— Exercise data —

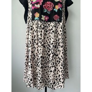 Savanna Jane Leopard Shift Dress Embroidered Cheetah Flowers Boho Plus Size 1X
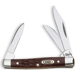 Case 6333 SS Brown Synthetic Small Stockman Knife. Clip, Sheepfoot and Pen Blades, 2 5/8" closed; 1.1 oz. By W.R. Case & Sons.
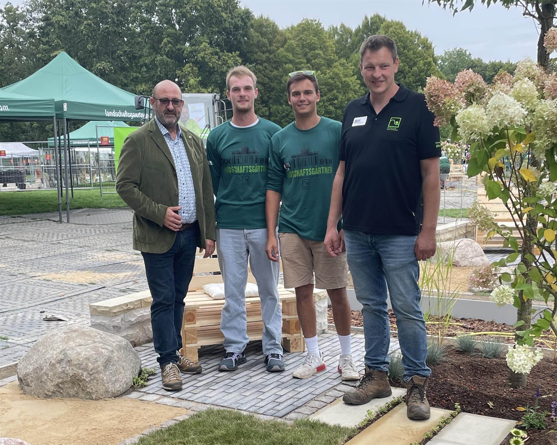 Foto1 (FGL): v.l. FGL-Präsident Karsten Hain, Eike Weber, Antonius Theil und Juror Tom Steinbrück (BTS Gartenwerk GmbH, Erfurt)

— What you are asked to do —
Transcribe all lines above exactly, skipping pictures.

— Solution below —
 Savanna Jane Leopard Shift Dress Embroidered Cheetah Flowers Boho Plus Size 1X
 Case 6333 SS Brown Synthetic Small Stockman Knife. Clip, Sheepfoot and Pen Blades, 2 5/8" closed; 1.1 oz. By W.R. Case & Sons.
 Foto1 (FGL): v.l. FGL-Präsident Karsten Hain, Eike Weber, Antonius Theil und Juror Tom Steinbrück (BTS Gartenwerk GmbH, Erfurt)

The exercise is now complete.